> On 12 Mar 2022, at 03:46, Andres Freund <andres@anarazel.de> wrote:
>> + <para>
>> + The <literal>login</literal> event occurs when a user logs in to the
>> + system.
>> + Any bugs in a trigger procedure for this event may prevent successful
>> + login to the system. Such bugs may be fixed after first restarting the
>> + system in single-user mode (as event triggers are disabled in this mode).
>> + See the <xref linkend="app-postgres"/> reference page for details about
>> + using single-user mode.
>> + </para>
>
> I'm strongly against adding any new dependencies on single user mode.
>
> A saner approach might be a superuser-only GUC that can be set as part of the
> connection data (e.g. PGOPTIONS='-c ignore_login_event_trigger=true').

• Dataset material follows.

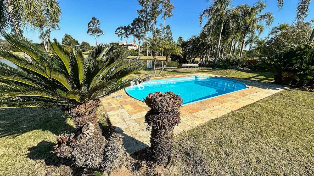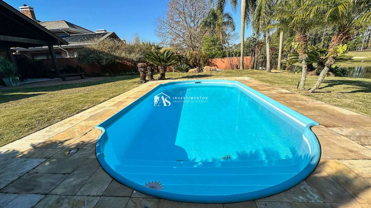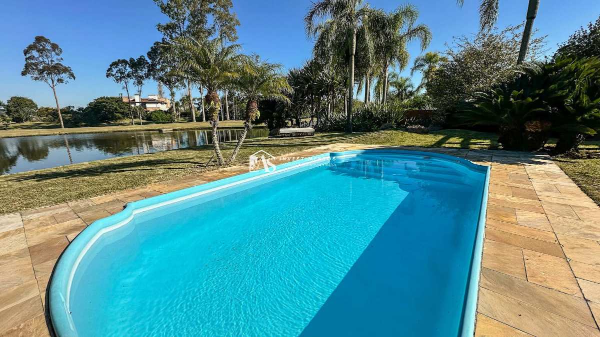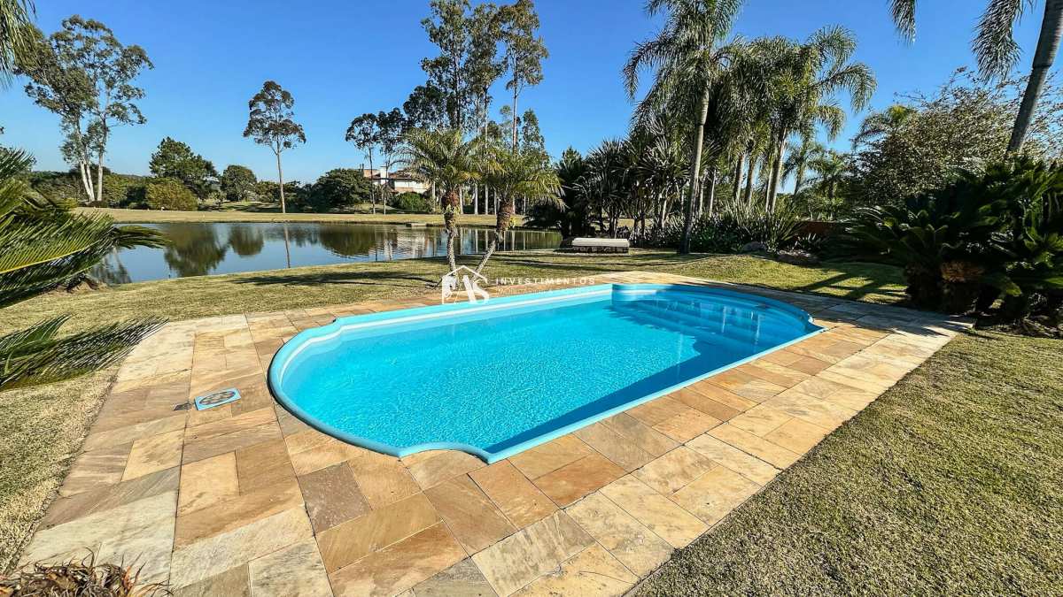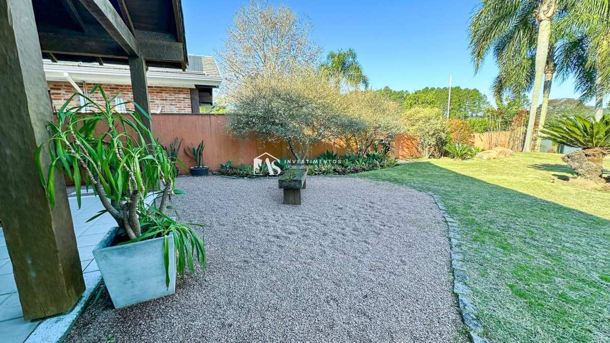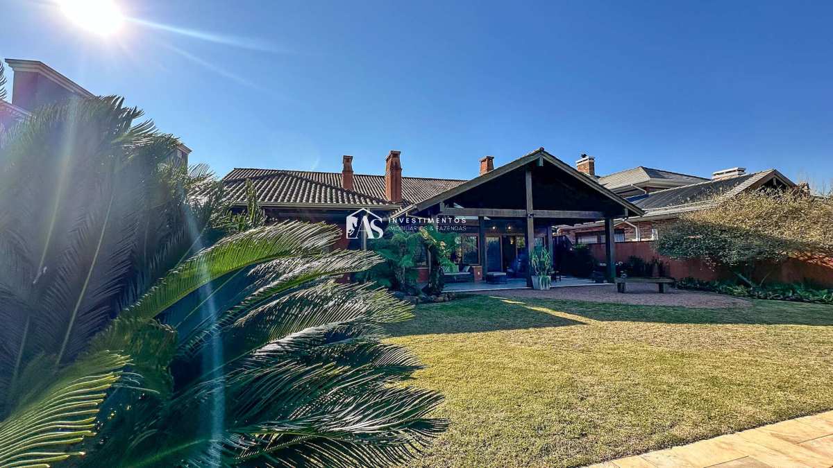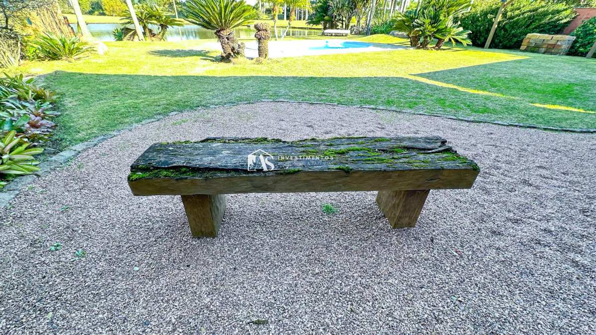 A irrigação automática do jardim evita trabalho adicional na manutenção e o grande lago nos fundos do terreno é uma visão encantadora que completa o ambiente inspirador dessa maravilhosa casa de alto padrão.

This, and similar approaches, has been discussed in this thread. I'm not a fan
of holes punched with GUC's like this, but if you plan on removing single-user
mode (as I recall seeing in an initdb thread) altogether then that kills the
discussion. So.
Since we already recommend single-user mode to handle broken event triggers, we
should IMO do something to cover all of them rather than risk ending up with
one disabling GUC per each event type. Right now we have this on the CREATE
EVENT TRIGGER reference page:
"Event triggers are disabled in single-user mode (see postgres). If an
erroneous event trigger disables the database so much that you can't even
drop the trigger, restart in single-user mode and you'll be able to do
that."
Something like a '-c ignore_event_trigger=<event|all>' GUC perhaps?